Sonosthesia tools for baking audio analysis data

These details have not been verified by PyPI

Project links

Project description

sonosthesia-audio-pipeline

Python based tooling to analyse audio files and write results to file for use in realtime visualization apps. Results can be written using Message Pack for efficient (de)serialization or JSON for human readable output. Readers are provided for the Unity timeline, to be used alongside the original audio files.

Installation

Installation requires python (version 3.9 to 3.12 are supported). Once you have python you can run

pip install sonosthesia-audio-pipeline --upgrade

Quick start

Note that you might need to use the python3 command rather than python depending on your setup. File path is absolute or relative to the working directory. Supported audio files are .mp3 and .wav.

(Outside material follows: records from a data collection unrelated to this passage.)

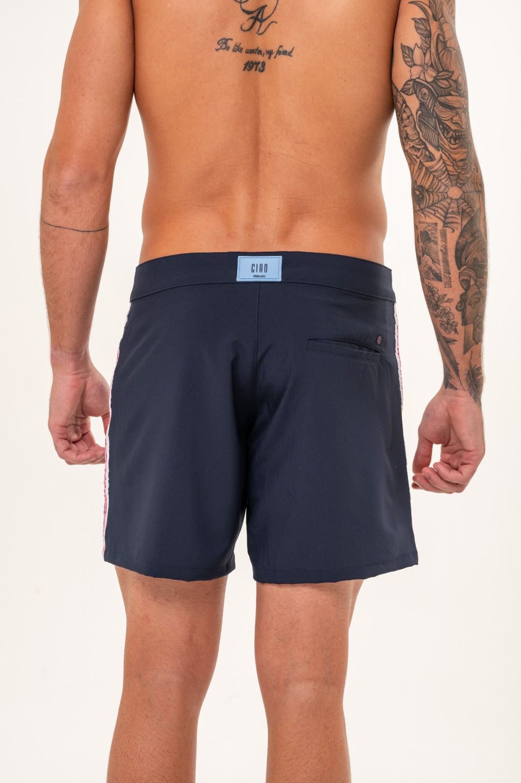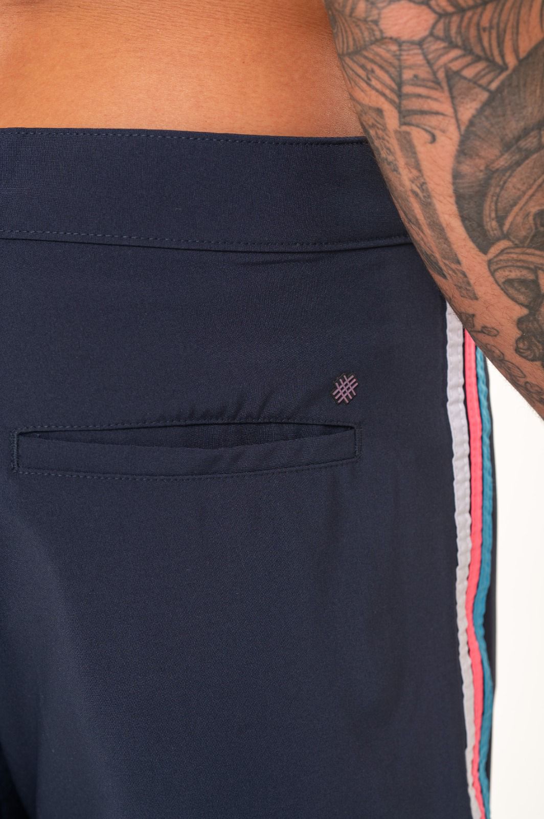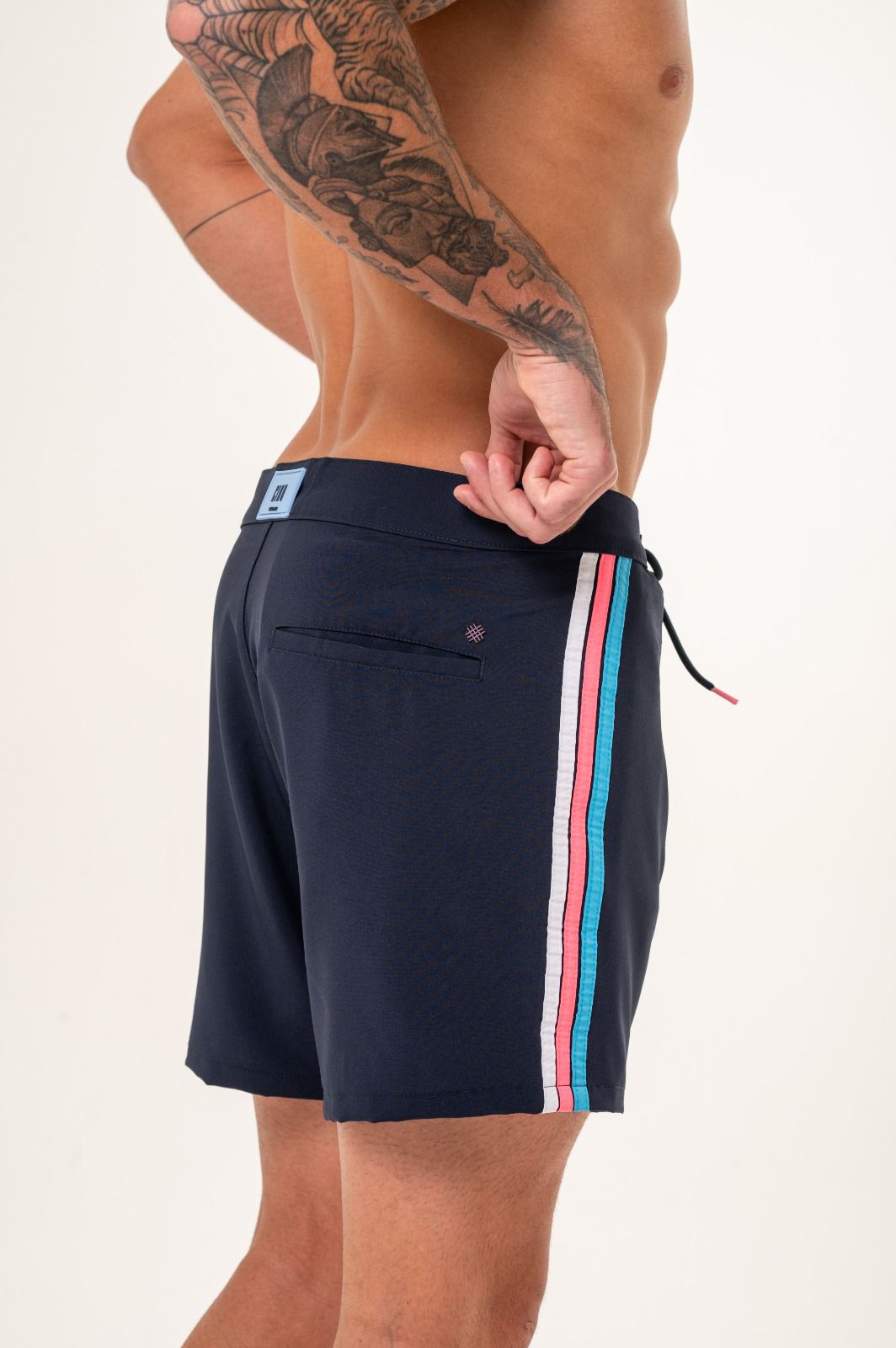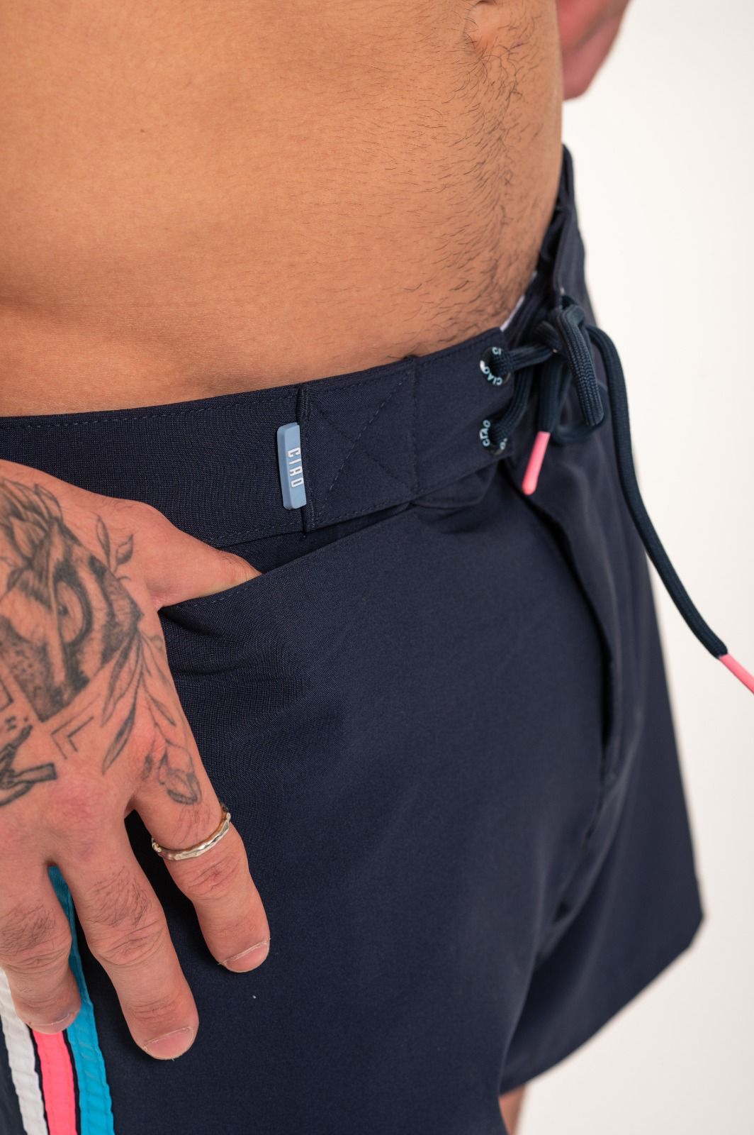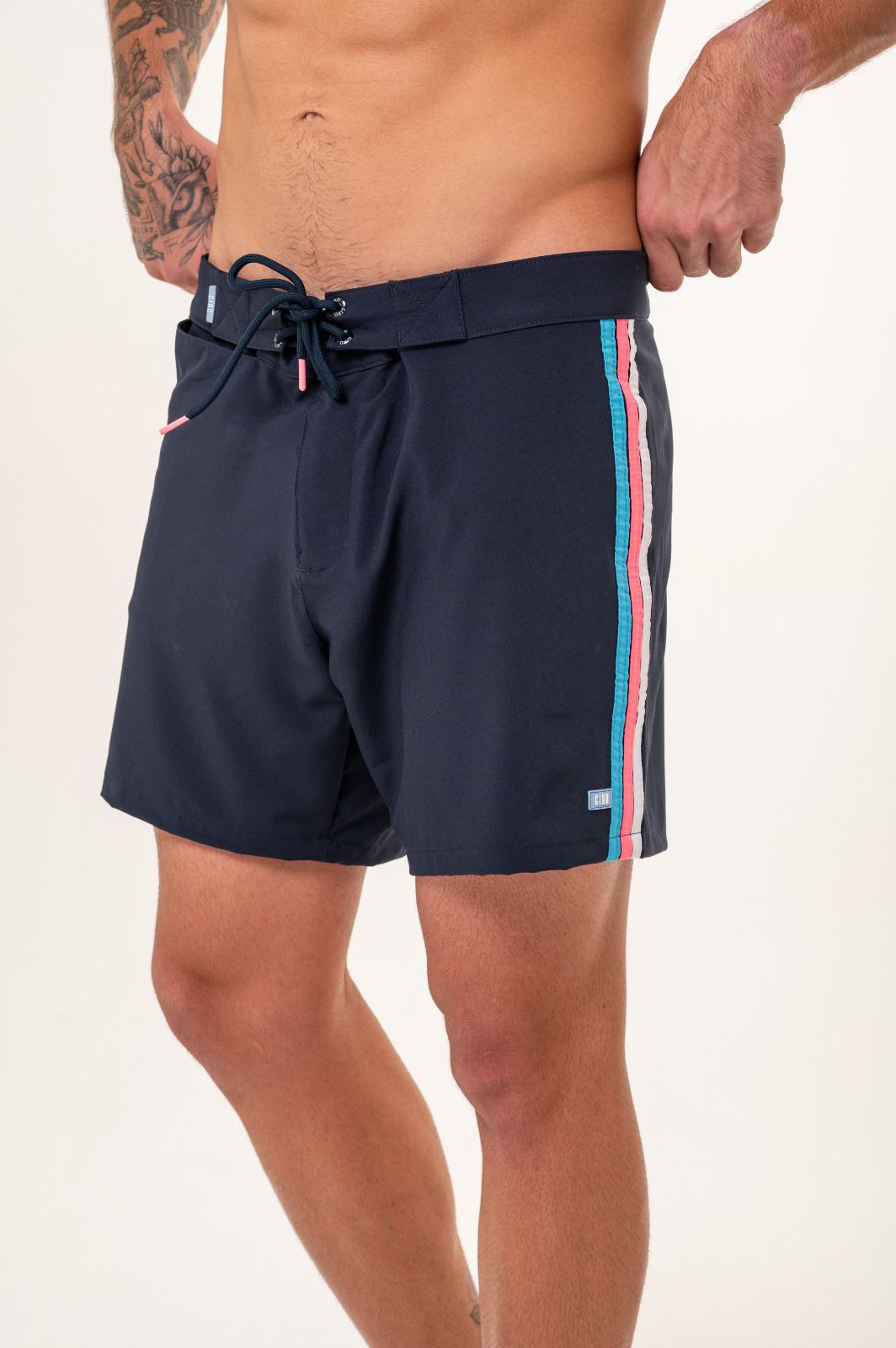 O Short Malibu une conforto, estilo e personalidade na medida certa. Em tom azul marinho, ele ganha destaque com as listras laterais em azul, rosa pink e branco que trazem um toque moderno e esportivo à peça.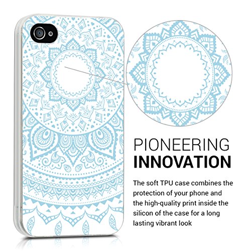 Kwmobile Apple iPhone 4 / 4S Cover - Back Case per Apple iPhone 4 / 4S Custodia in silicone TPU trasparente blu chiaro/bianco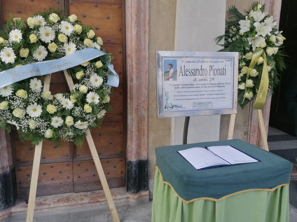 Una folla silenziosa nella chiesa di San Giovanni per l'addio al giovane varesino vittima di un incidente in moto. Pionati era un ingegnere aeronautico e il parroco lo ha ricordato con una frase di Leonardo: «Quando camminerete sulla Terra dopo aver volato guarderete il cielo perché là siete stati e là vorrete tornare»
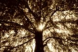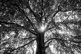 Huge old plane tree seen from below in contrasting shades of gray. The sun peeks through the dense canopy. Symmetrical perspective with numerous delicate branches and leaves in summer. Black and white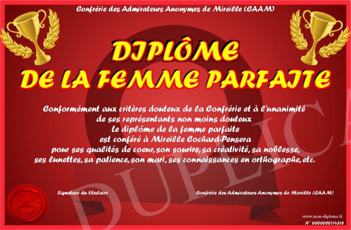 Envoyez par email votre DIPLÔME DE LA FEMME PARFAITE personalisé
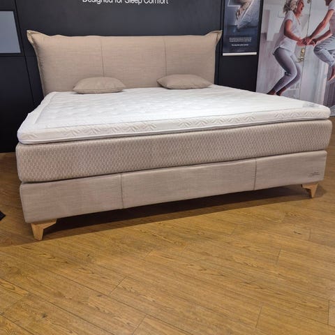 Jensen Supreme Ställbar säng 2 st 90x200 cm i komforterna Medium och Fast i Ljusgrått Supreme tyg. Bäddmadrass Starrose U-split 180x200 cm. Ben Triangel mattsvart. Huvudgavel Fenix Manor Tall. Sängen är en demonstrationssäng i vår butik på Natt & Co Backaplan. Nypris för hela sängpaketet är 129 812 kr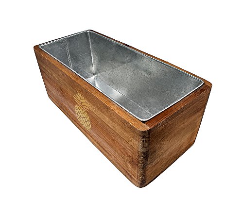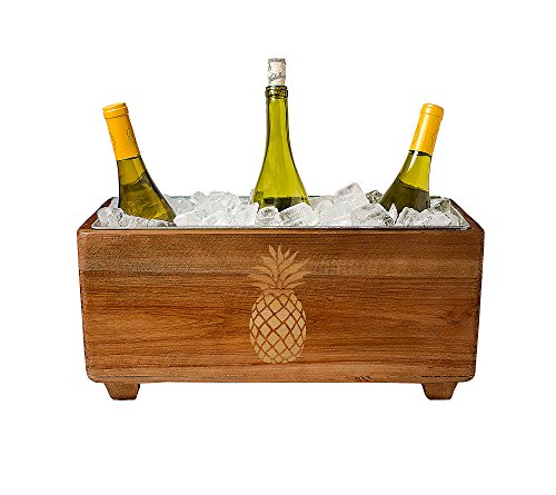 -. Brand : Cathy's Concepts -. Feature : Fir wood / Removable galvanized metal insert / Does not include bottles or ice / 8.5" H x 8" W x 17.5"L. / Holds up to 3 gallons -. PackageQuantity : 1 -. ProductGroup : Kitchen -. ProductTypeName : KITCHEN -. Title : Cathy's Concepts Wooden Pineapple Wine Trough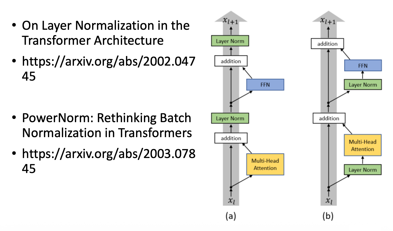原始的 Transformer 编码器中各模块的排列顺序不一定是最好的——有一些研究就是从这里出发做出一些改进: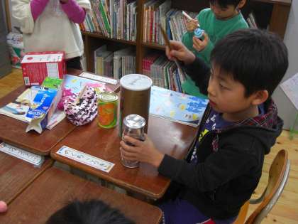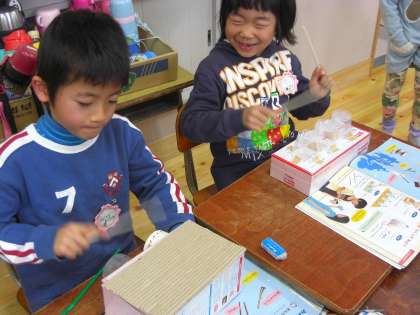 ペットボトルに水やどんぐりを入れたり箱にゴムをつけたりして,一人ひとり楽器を作りました。次の音楽の時間は,トライアングルや太鼓,自分の作った楽器を演奏しながら“音のマーチ”をグループで歌います。
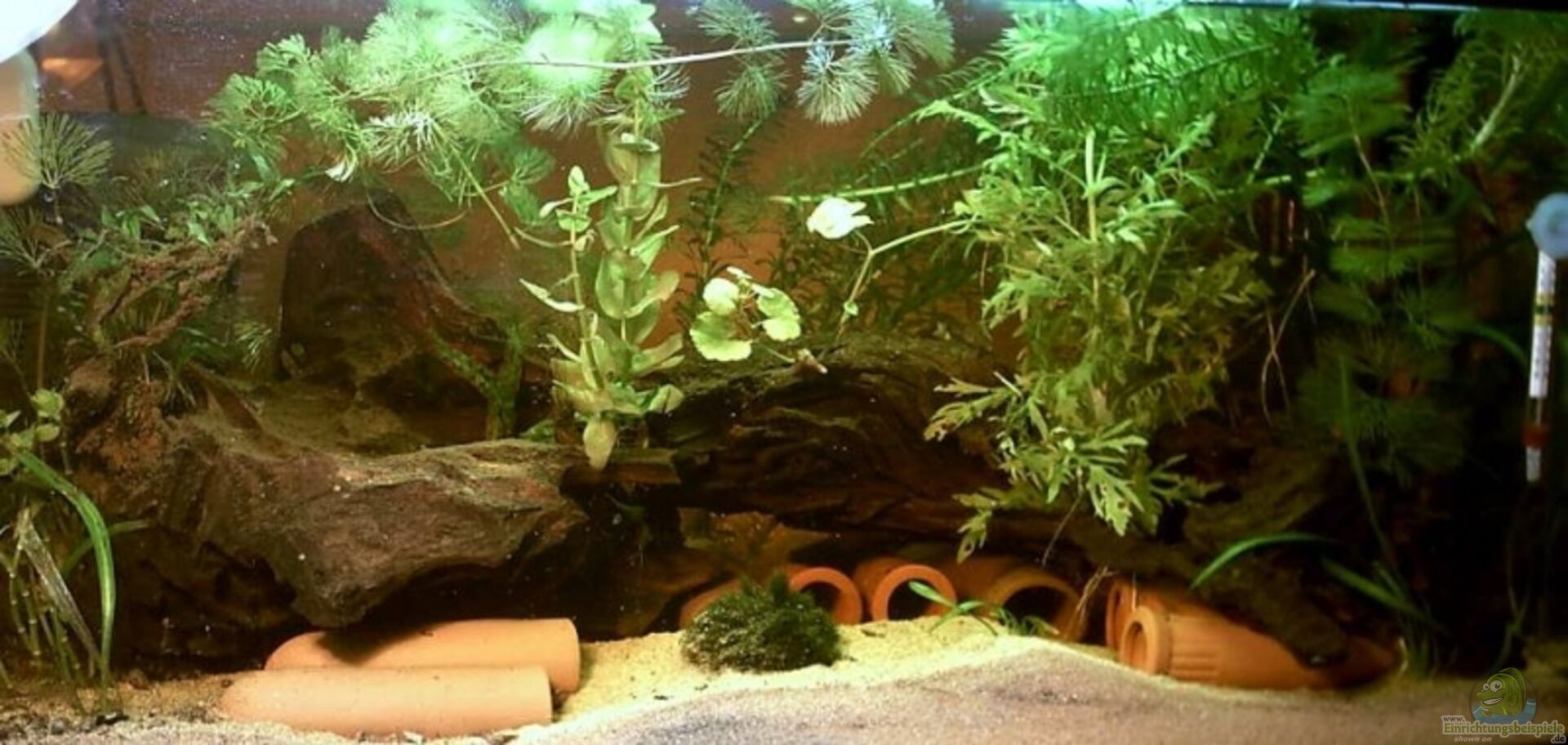 die Pflanzen habe ich mit Absicht so gewählt, weil ich in diesem relativ flachen Becken keine Schwimmpflanzen haben wollte und die Welse es lieber ein bisschen "düster" mögen ;)

Note that the --input (shorthand -i) can also be a directory in which case files with appropriate extensions will be processed in order.

Use --help (shorthand h) to get argument list for each of the subcommands. For example

python -m sonosthesia_audio_pipeline analysis -h

Anaylysis

Will generate an .xaa analysis file alongside the audio file.

python -m sonosthesia_audio_pipeline analysis -i File.mp3

Separation

Will create seperated files in a directory with the audio file's name (without extension), nested by demucs separation model type as described here. The default model is mdx_extra.

python -m sonosthesia_audio_pipeline separation -i File.mp3

To specify another model use --model (shorthand -n)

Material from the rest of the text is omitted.